#### Work order
What is needed is an exact transcription of every entry below, with the pictures left out.

#### Exercise data
- - - -

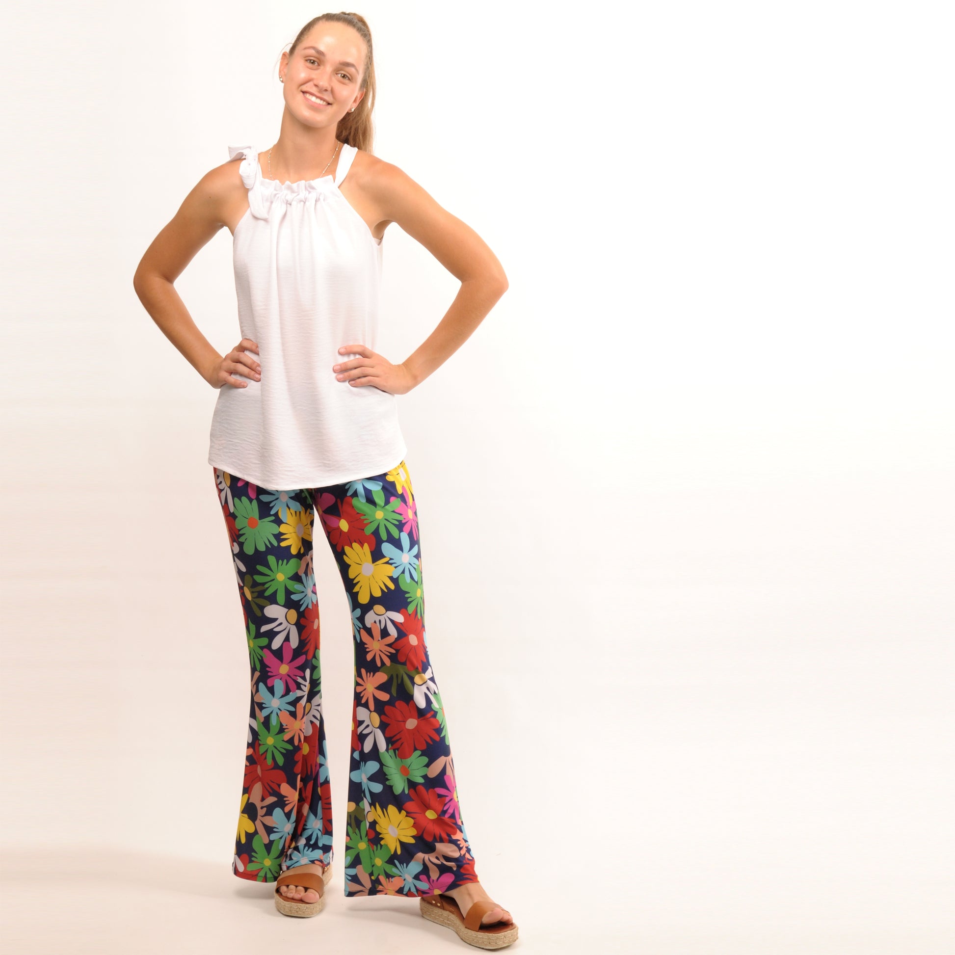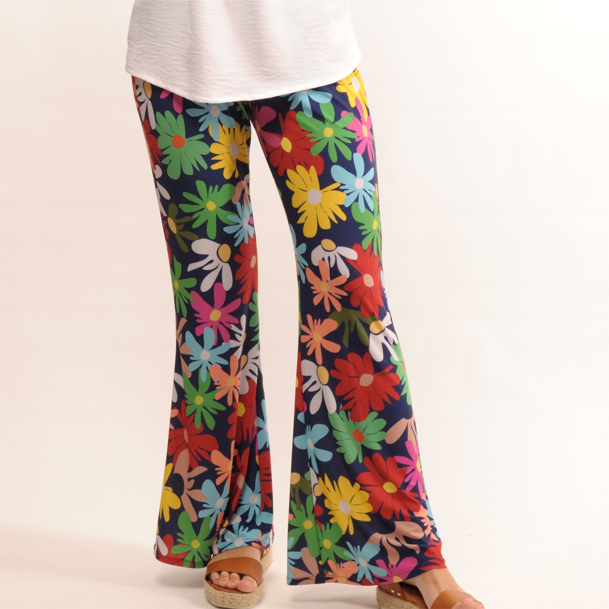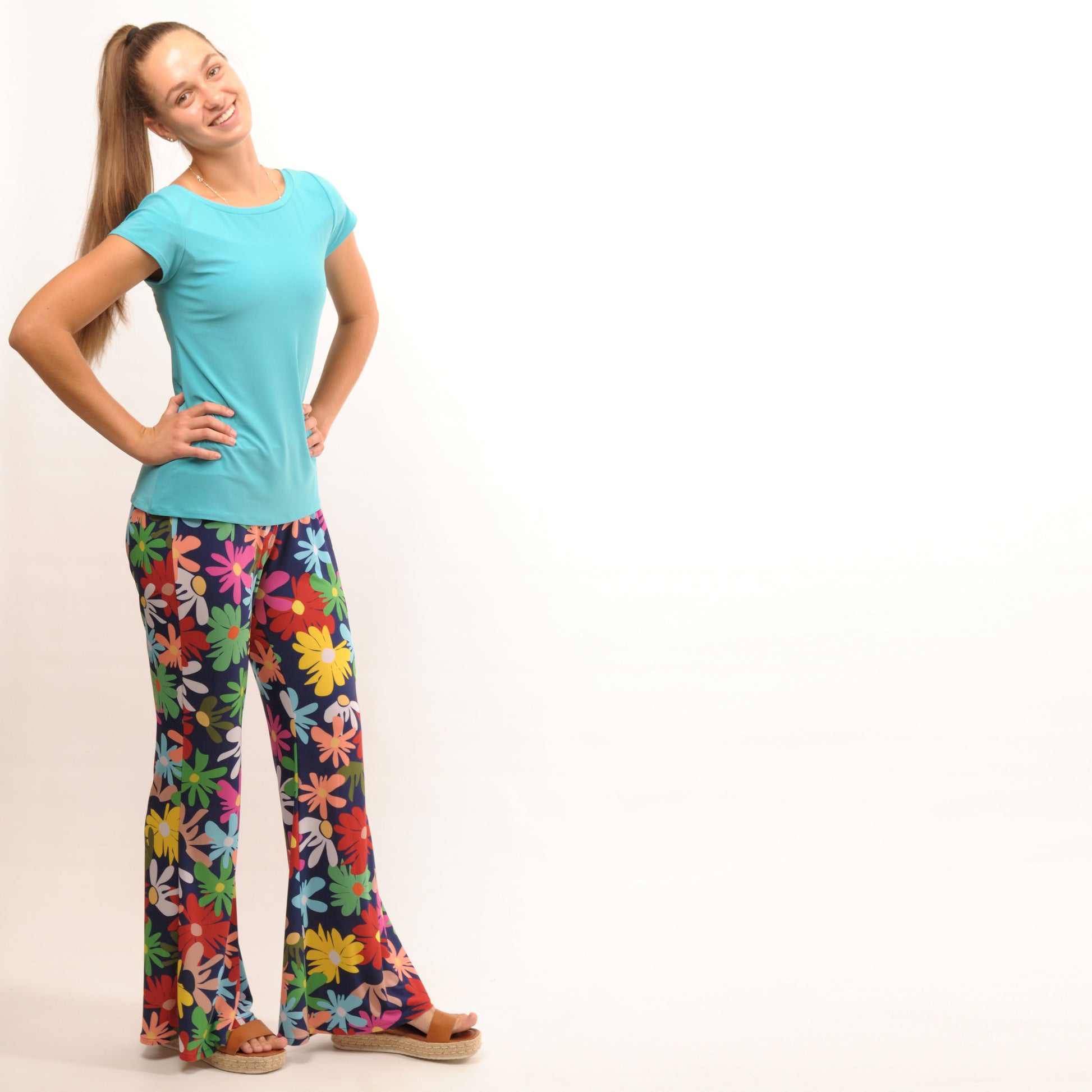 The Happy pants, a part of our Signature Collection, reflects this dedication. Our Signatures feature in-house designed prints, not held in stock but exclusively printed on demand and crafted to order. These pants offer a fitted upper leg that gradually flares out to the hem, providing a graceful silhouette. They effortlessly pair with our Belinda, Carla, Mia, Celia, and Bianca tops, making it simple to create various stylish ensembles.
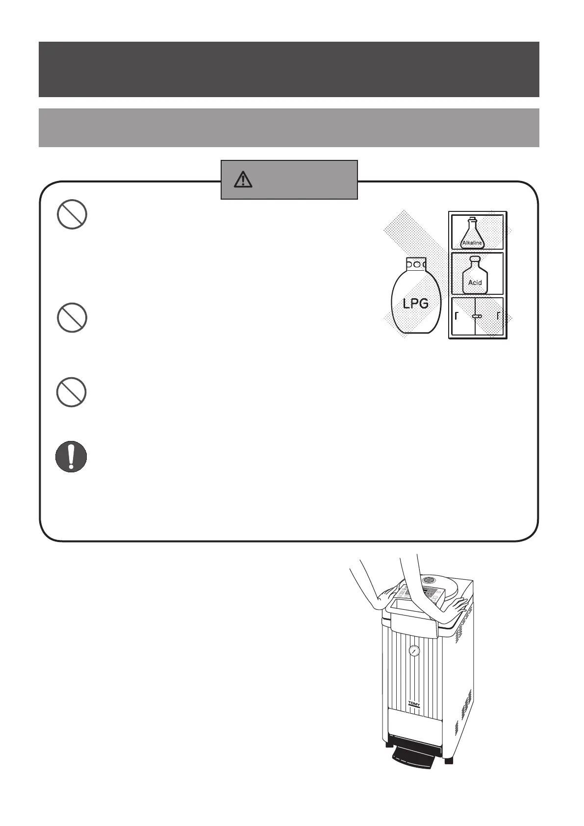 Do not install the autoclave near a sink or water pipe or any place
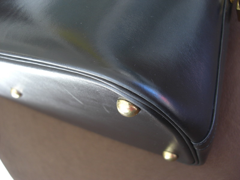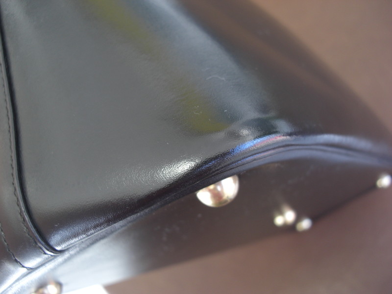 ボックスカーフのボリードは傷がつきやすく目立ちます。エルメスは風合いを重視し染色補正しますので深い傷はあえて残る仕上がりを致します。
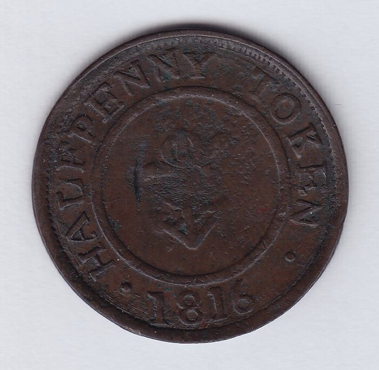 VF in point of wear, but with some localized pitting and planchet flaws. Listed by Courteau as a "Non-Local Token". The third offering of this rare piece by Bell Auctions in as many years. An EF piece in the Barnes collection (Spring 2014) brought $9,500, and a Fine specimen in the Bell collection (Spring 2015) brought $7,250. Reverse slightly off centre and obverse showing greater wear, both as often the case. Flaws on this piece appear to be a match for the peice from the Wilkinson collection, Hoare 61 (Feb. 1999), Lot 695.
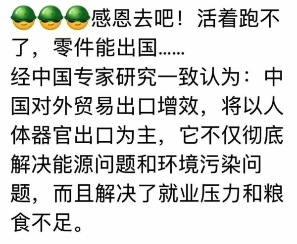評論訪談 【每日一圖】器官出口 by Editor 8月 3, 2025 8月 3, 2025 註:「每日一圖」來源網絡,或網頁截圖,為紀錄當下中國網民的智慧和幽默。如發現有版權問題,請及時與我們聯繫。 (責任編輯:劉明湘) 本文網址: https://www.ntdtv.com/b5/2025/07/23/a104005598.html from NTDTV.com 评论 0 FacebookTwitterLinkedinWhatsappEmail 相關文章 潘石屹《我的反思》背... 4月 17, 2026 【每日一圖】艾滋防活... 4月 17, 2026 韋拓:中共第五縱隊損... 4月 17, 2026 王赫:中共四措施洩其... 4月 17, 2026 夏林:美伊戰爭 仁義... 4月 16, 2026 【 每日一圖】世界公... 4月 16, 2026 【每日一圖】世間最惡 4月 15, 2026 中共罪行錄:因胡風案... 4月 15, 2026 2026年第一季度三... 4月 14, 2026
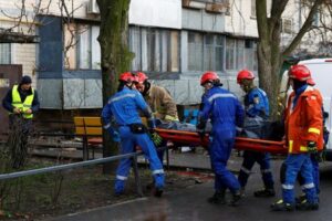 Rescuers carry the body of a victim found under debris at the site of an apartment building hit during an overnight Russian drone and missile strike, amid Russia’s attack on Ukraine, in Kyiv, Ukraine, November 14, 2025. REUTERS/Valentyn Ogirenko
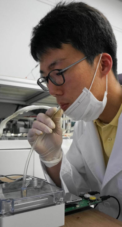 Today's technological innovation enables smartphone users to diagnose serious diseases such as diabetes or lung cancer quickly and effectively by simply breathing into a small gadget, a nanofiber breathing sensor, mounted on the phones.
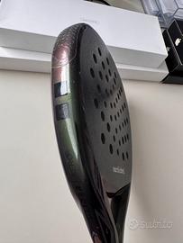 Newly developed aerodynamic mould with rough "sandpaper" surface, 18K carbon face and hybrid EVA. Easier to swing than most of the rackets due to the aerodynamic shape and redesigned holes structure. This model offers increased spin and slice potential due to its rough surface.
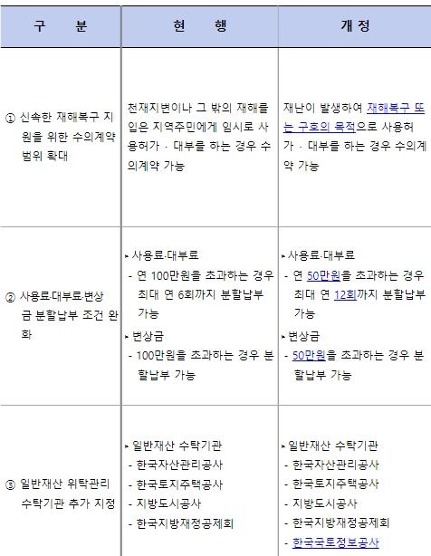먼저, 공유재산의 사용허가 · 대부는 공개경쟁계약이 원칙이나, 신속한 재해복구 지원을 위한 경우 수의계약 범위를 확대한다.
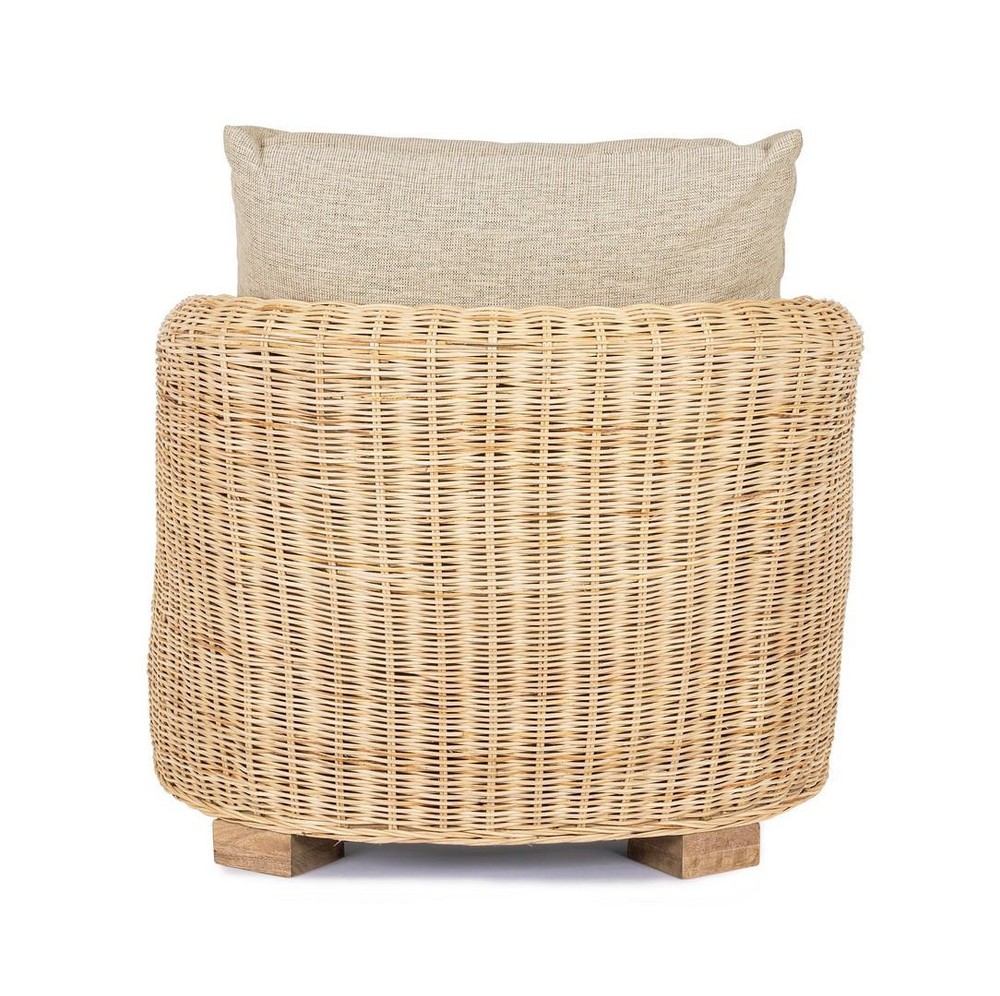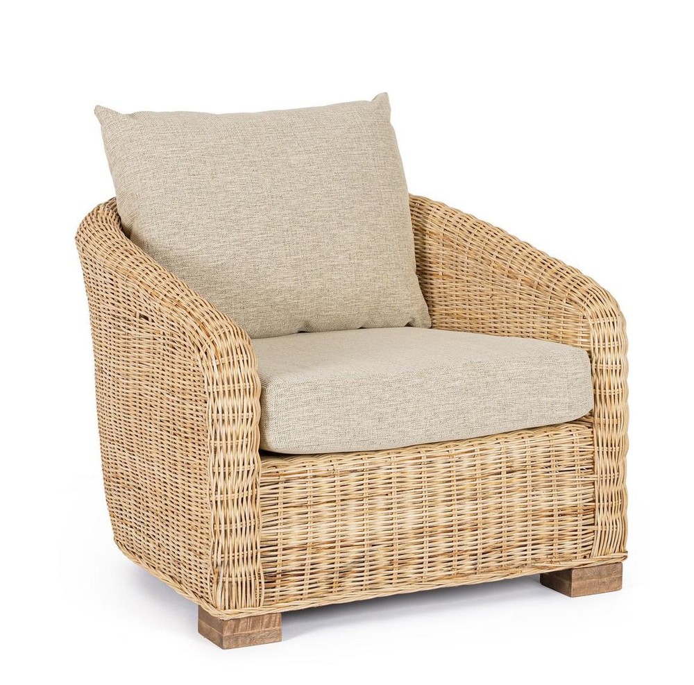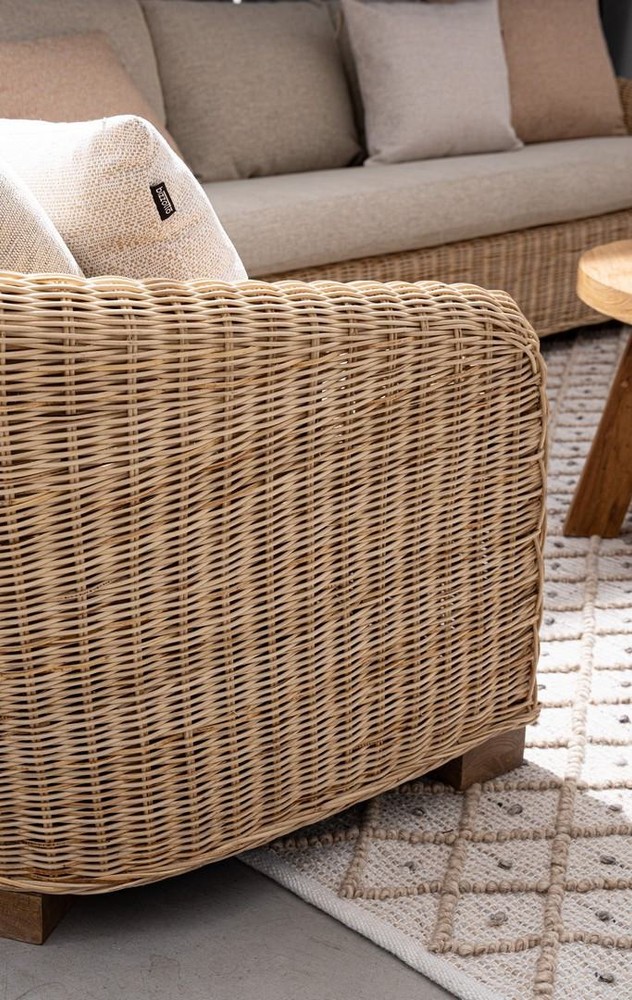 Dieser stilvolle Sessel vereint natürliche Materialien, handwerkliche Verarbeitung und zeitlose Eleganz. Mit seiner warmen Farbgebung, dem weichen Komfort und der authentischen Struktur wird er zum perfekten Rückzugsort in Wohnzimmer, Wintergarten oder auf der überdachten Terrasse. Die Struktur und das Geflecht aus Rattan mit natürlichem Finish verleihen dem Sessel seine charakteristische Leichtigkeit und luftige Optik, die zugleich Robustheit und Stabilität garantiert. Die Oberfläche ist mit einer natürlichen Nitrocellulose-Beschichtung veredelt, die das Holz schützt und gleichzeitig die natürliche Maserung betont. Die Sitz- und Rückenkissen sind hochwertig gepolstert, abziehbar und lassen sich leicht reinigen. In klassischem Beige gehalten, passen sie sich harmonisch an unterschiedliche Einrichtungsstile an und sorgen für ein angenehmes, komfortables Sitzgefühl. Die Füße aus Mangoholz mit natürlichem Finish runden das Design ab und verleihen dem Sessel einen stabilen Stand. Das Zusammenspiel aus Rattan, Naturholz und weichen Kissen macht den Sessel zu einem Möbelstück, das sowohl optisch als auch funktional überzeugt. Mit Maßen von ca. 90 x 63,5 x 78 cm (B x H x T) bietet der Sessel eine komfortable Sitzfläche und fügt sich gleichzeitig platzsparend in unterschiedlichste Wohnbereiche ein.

- - - -

#### Solution for this problem
 The Happy pants, a part of our Signature Collection, reflects this dedication. Our Signatures feature in-house designed prints, not held in stock but exclusively printed on demand and crafted to order. These pants offer a fitted upper leg that gradually flares out to the hem, providing a graceful silhouette. They effortlessly pair with our Belinda, Carla, Mia, Celia, and Bianca tops, making it simple to create various stylish ensembles.
 Do not install the autoclave near a sink or water pipe or any place
 ボックスカーフのボリードは傷がつきやすく目立ちます。エルメスは風合いを重視し染色補正しますので深い傷はあえて残る仕上がりを致します。
 VF in point of wear, but with some localized pitting and planchet flaws. Listed by Courteau as a "Non-Local Token". The third offering of this rare piece by Bell Auctions in as many years. An EF piece in the Barnes collection (Spring 2014) brought $9,500, and a Fine specimen in the Bell collection (Spring 2015) brought $7,250. Reverse slightly off centre and obverse showing greater wear, both as often the case. Flaws on this piece appear to be a match for the peice from the Wilkinson collection, Hoare 61 (Feb. 1999), Lot 695.
評論訪談 【每日一圖】器官出口 by Editor 8月 3, 2025 8月 3, 2025 註:「每日一圖」來源網絡,或網頁截圖,為紀錄當下中國網民的智慧和幽默。如發現有版權問題,請及時與我們聯繫。 (責任編輯:劉明湘) 本文網址: https://www.ntdtv.com/b5/2025/07/23/a104005598.html from NTDTV.com 评论 0 FacebookTwitterLinkedinWhatsappEmail 相關文章 潘石屹《我的反思》背... 4月 17, 2026 【每日一圖】艾滋防活... 4月 17, 2026 韋拓:中共第五縱隊損... 4月 17, 2026 王赫:中共四措施洩其... 4月 17, 2026 夏林:美伊戰爭 仁義... 4月 16, 2026 【 每日一圖】世界公... 4月 16, 2026 【每日一圖】世間最惡 4月 15, 2026 中共罪行錄:因胡風案... 4月 15, 2026 2026年第一季度三... 4月 14, 2026
 Rescuers carry the body of a victim found under debris at the site of an apartment building hit during an overnight Russian drone and missile strike, amid Russia’s attack on Ukraine, in Kyiv, Ukraine, November 14, 2025. REUTERS/Valentyn Ogirenko
 Today's technological innovation enables smartphone users to diagnose serious diseases such as diabetes or lung cancer quickly and effectively by simply breathing into a small gadget, a nanofiber breathing sensor, mounted on the phones.
 Newly developed aerodynamic mould with rough "sandpaper" surface, 18K carbon face and hybrid EVA. Easier to swing than most of the rackets due to the aerodynamic shape and redesigned holes structure. This model offers increased spin and slice potential due to its rough surface.
먼저, 공유재산의 사용허가 · 대부는 공개경쟁계약이 원칙이나, 신속한 재해복구 지원을 위한 경우 수의계약 범위를 확대한다.
 Dieser stilvolle Sessel vereint natürliche Materialien, handwerkliche Verarbeitung und zeitlose Eleganz. Mit seiner warmen Farbgebung, dem weichen Komfort und der authentischen Struktur wird er zum perfekten Rückzugsort in Wohnzimmer, Wintergarten oder auf der überdachten Terrasse. Die Struktur und das Geflecht aus Rattan mit natürlichem Finish verleihen dem Sessel seine charakteristische Leichtigkeit und luftige Optik, die zugleich Robustheit und Stabilität garantiert. Die Oberfläche ist mit einer natürlichen Nitrocellulose-Beschichtung veredelt, die das Holz schützt und gleichzeitig die natürliche Maserung betont. Die Sitz- und Rückenkissen sind hochwertig gepolstert, abziehbar und lassen sich leicht reinigen. In klassischem Beige gehalten, passen sie sich harmonisch an unterschiedliche Einrichtungsstile an und sorgen für ein angenehmes, komfortables Sitzgefühl. Die Füße aus Mangoholz mit natürlichem Finish runden das Design ab und verleihen dem Sessel einen stabilen Stand. Das Zusammenspiel aus Rattan, Naturholz und weichen Kissen macht den Sessel zu einem Möbelstück, das sowohl optisch als auch funktional überzeugt. Mit Maßen von ca. 90 x 63,5 x 78 cm (B x H x T) bietet der Sessel eine komfortable Sitzfläche und fügt sich gleichzeitig platzsparend in unterschiedlichste Wohnbereiche ein.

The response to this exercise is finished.